* _RECORDED INFORMATION_
☆ ☆ ☆ ☆ ☆ ☆ ☆
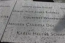 Melissa Cándida Doi (September 1, 1969 — September 11, 2001)[1] was an American businesswoman in the financial industry who was a victim of the September 11 attacks on the World Trade Center.[1][3][4][5] She is known for the recording of the 9-1-1 call she made during her final moments from inside the South Tower as it was engulfed in flames.[6] Her emotional conversation with an emergency dispatcher was used during the prosecution of Zacarias Moussaoui, the only criminal trial to result from the attacks.[7][8][9][10]
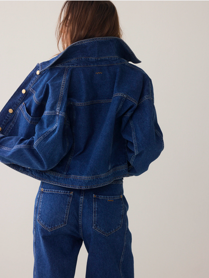 Denim jacket van 100% katoen met een boxy, rechte fit. Het jasje heeft een stonewash finish en grote opgestikte zakken aan de voorkant.
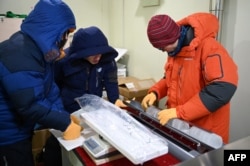 یوشینوری ایزوکا در محل کار روی هسته‌های یخی
☆ ☆ ☆ ☆ ☆ ☆ ☆
When you reproduce the data shown above, keep each line exact and omit every picture.

* _ANSWER SPACE_
 Melissa Cándida Doi (September 1, 1969 — September 11, 2001)[1] was an American businesswoman in the financial industry who was a victim of the September 11 attacks on the World Trade Center.[1][3][4][5] She is known for the recording of the 9-1-1 call she made during her final moments from inside the South Tower as it was engulfed in flames.[6] Her emotional conversation with an emergency dispatcher was used during the prosecution of Zacarias Moussaoui, the only criminal trial to result from the attacks.[7][8][9][10]
 Denim jacket van 100% katoen met een boxy, rechte fit. Het jasje heeft een stonewash finish en grote opgestikte zakken aan de voorkant.
 یوشینوری ایزوکا در محل کار روی هسته‌های یخی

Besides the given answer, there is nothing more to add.